** Goal of the exercise **
What you should give back is a precise copy of the lines below from the one containing "Suelo comer salmón" through the one containing "Zij-entree, ruime hal", with no pictures.
---- Entries shown
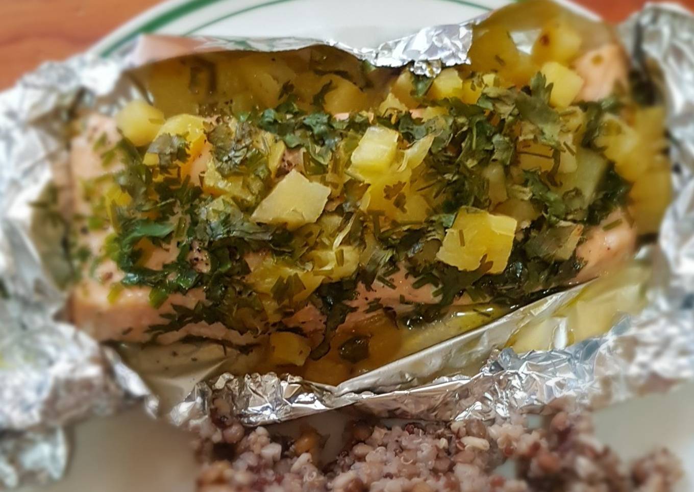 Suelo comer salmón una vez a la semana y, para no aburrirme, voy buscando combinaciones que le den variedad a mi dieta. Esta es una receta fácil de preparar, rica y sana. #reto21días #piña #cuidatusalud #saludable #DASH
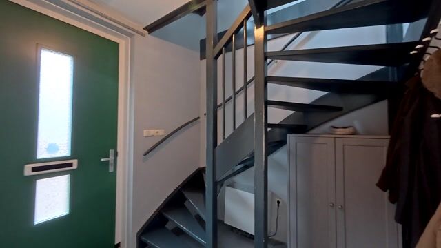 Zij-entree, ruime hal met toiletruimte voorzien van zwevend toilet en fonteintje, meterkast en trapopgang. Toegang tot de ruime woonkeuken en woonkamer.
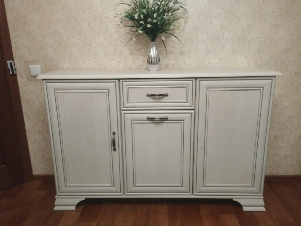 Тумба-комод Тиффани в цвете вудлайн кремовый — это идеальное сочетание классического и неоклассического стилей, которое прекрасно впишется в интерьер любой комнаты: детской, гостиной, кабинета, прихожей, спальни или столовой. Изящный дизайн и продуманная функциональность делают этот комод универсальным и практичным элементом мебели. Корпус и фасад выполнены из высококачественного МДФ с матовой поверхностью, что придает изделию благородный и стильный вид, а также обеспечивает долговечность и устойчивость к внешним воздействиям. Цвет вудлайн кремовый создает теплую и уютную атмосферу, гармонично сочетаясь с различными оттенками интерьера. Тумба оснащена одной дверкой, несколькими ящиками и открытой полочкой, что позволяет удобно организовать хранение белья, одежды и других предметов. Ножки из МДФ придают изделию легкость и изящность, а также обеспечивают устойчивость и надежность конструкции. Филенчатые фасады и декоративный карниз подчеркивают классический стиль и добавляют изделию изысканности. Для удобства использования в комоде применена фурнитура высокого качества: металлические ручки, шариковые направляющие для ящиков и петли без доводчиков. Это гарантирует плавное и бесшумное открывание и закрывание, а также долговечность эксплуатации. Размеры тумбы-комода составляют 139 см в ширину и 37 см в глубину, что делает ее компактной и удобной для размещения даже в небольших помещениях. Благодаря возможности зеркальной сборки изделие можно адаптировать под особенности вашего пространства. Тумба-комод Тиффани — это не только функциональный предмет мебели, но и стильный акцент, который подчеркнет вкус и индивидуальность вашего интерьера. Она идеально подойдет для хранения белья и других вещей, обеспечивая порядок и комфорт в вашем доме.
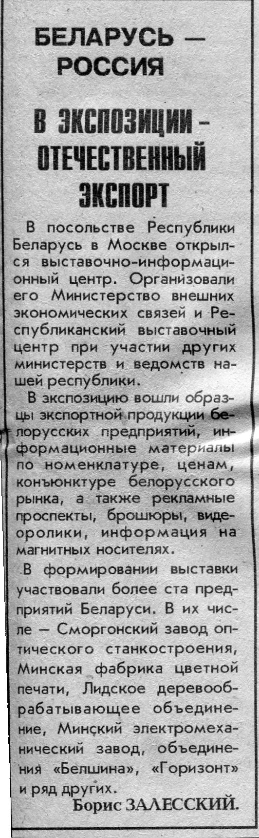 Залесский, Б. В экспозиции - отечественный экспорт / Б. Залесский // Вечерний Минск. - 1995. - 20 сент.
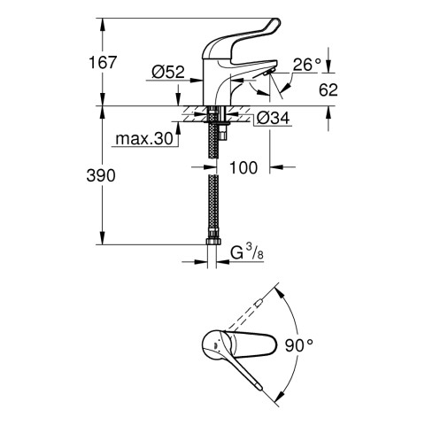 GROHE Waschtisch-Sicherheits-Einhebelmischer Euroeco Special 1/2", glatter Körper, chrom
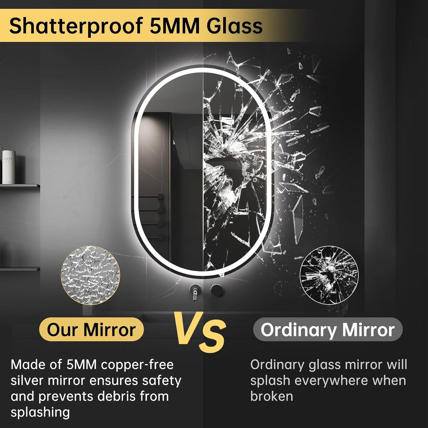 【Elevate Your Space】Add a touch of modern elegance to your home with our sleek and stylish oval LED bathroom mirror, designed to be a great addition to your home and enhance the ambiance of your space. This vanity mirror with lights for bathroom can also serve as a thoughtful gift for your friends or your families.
--------
---- Entries shown
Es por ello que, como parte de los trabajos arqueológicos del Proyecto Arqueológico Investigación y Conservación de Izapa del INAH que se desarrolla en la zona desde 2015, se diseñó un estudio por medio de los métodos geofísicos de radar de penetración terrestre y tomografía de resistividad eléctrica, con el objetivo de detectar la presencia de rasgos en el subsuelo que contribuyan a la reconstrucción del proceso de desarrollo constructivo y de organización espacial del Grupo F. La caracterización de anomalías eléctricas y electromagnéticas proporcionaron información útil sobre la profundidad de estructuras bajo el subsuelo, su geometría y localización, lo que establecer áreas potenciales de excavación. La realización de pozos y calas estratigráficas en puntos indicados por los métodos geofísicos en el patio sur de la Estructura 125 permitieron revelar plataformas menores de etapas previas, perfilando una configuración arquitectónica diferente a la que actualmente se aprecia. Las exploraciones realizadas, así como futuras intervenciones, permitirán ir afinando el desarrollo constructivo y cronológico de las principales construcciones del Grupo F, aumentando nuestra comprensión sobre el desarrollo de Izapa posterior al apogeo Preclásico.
--------
---- Entries shown
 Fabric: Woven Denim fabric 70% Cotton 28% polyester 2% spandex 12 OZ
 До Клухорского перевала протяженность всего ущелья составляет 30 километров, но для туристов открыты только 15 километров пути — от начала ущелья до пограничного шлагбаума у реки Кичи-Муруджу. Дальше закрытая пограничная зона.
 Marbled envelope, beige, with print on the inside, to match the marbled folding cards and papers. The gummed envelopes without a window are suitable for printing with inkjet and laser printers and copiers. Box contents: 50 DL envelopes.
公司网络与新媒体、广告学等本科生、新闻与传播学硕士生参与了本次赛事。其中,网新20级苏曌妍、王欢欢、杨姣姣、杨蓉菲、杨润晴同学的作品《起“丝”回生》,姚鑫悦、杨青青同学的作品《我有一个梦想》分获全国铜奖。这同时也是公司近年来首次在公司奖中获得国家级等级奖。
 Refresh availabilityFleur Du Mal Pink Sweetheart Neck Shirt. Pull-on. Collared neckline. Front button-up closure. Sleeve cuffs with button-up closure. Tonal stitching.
--------
** Result **
 Suelo comer salmón una vez a la semana y, para no aburrirme, voy buscando combinaciones que le den variedad a mi dieta. Esta es una receta fácil de preparar, rica y sana. #reto21días #piña #cuidatusalud #saludable #DASH
 Zij-entree, ruime hal met toiletruimte voorzien van zwevend toilet en fonteintje, meterkast en trapopgang. Toegang tot de ruime woonkeuken en woonkamer.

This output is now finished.